# new 91 240sx



## jauntu (Feb 10, 2011)

:newbie:so i screwed the maxima and got a 91 240sx with 101.941 miles on it. after gettting the car just randomly stopped starting. no turning over or anything but when i roll start it has no problems. im thinking this maybe a starter issue. or at least a wire from the battery. but that was beside the point but suggestions are welcome. other then that is there anything i would need to look at or look into with this car like defects or recalls for this year car with this many miles on it. it has a new clutch, flywheel, slave cylinder, radiator, radiator fan, new gaskets on the valve cover and oil pan and other simple gaskets. but i want to know if there is anything else that would be wrong or go bad on this car. all feedback is appreciated. thank you


----------



## Shadao (Aug 14, 2007)

check frame rails, your inner fender wells, and your strut towers for rusting and other damage..

if its a hatch back the seal around the hatch can wear out and cause leaking... 

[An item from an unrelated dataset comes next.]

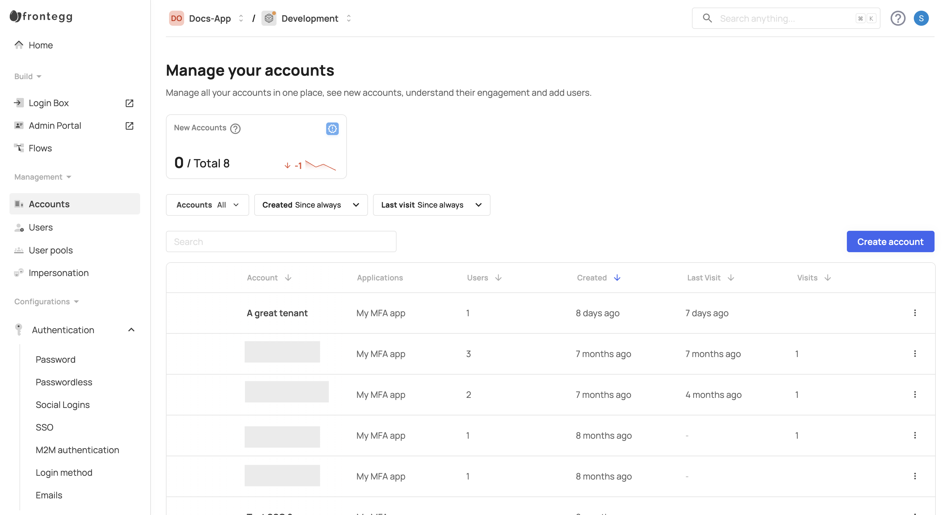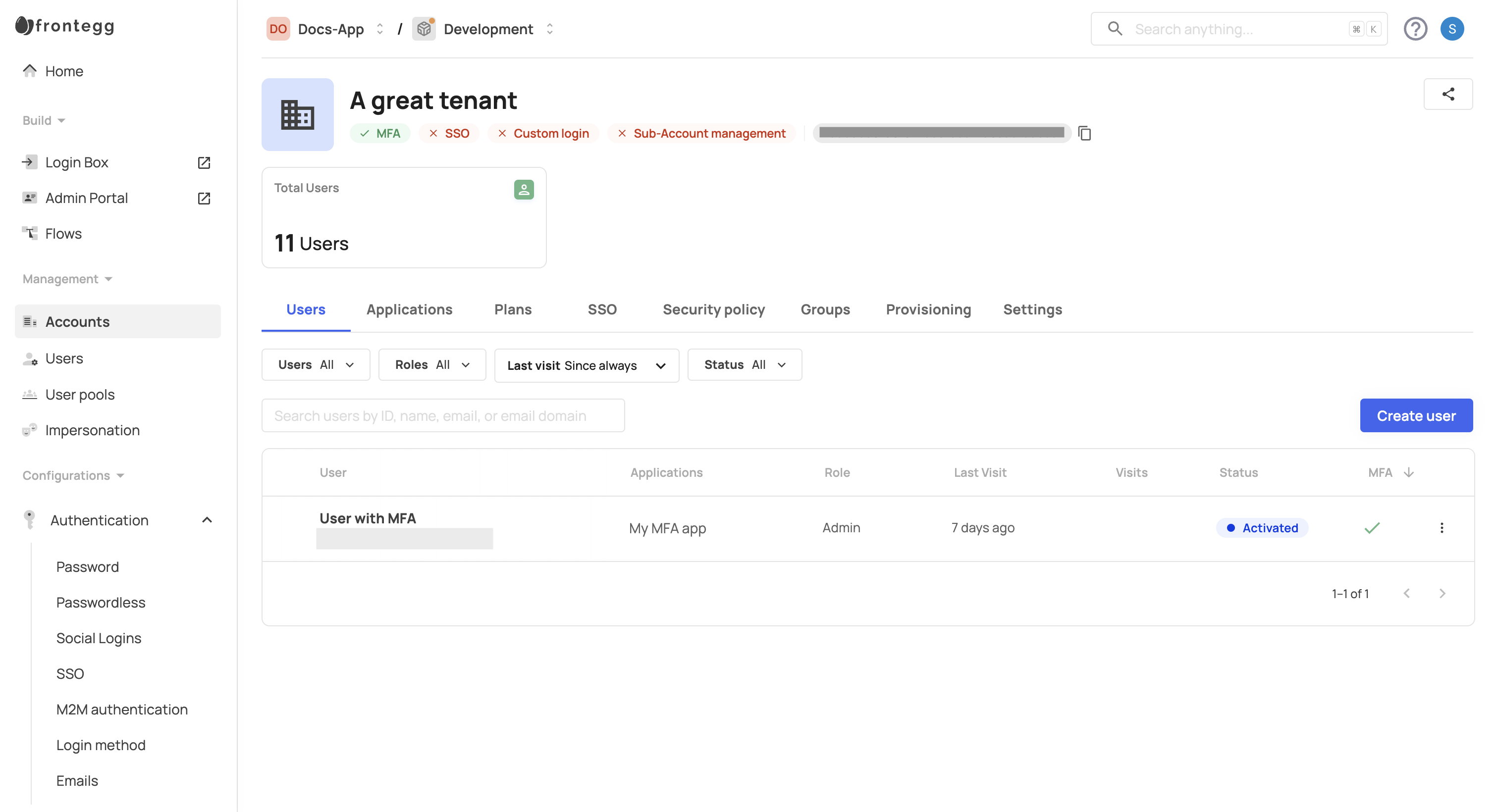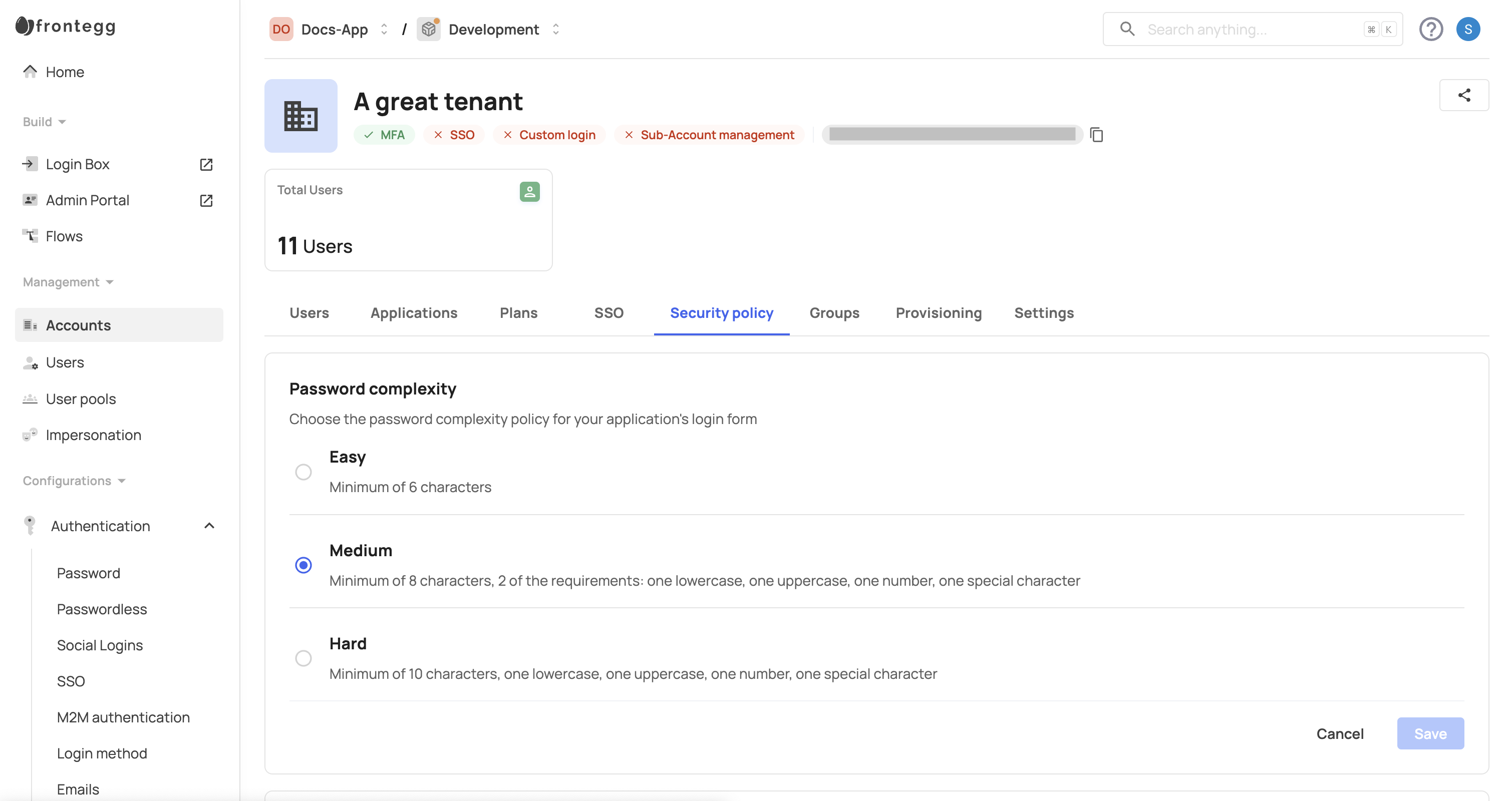 - Environment/account specificity: In addition to setting the default policy under Security ➜ MFA for each environment, you can customize MFA settings for individual accounts within any environment in the Frontegg portal. For more information, refer to the Managing Accounts guide.

basic stuff really, same things youd look for on any other 20yr old car... the 240sx was a very reliable car, so if it was treated good it will treat you good


----------



## jauntu (Feb 10, 2011)

so as the starter goes is it possible for the starter to just stop because the car has sat for 2 years and has barely been driven? because yes this car was taken care of. it was owned by a preacher and also had alot of work done to them. also about the timing belt i heard that this is one thing that might need to be replaced soon. is this true? and is it a chain or a belt


----------



## Shadao (Aug 14, 2007)

im pretty sure its a belt... and yes the starter could go over time due to sitting there... depending on the conditions it was stored in and prior use to it being stored...
just a little bit of moisture over time can cause corrosion, just get a replacement starter and you should be good to go, especially if you have checked all your wires and fuses...

as for it was owned by a preacher... that doesnt mean much... its like when someone says it was lady driven... it makes no difference we are all HUMAN 

some other things to look at are the regular things to look at.... tie rod ends, ball joints, bearings, suspension.... check the tranny fluid and other fluids change them all up do a full flush...


----------



## rogoman (Dec 16, 2004)

The KA24DE engine uses a double timing chain assembly rather then a timing belt. If you notice a metallic start-up rattle in the front of the engine, then the timing chain guides may be worn.


----------



## jauntu (Feb 10, 2011)

well as far as the no start issue. did anyone think about the button on the clutch...... found out that the rubber gromut had popped out and that was the cause of the no start issue. i feel like an idiot for it being so simple. but something to think about.


----------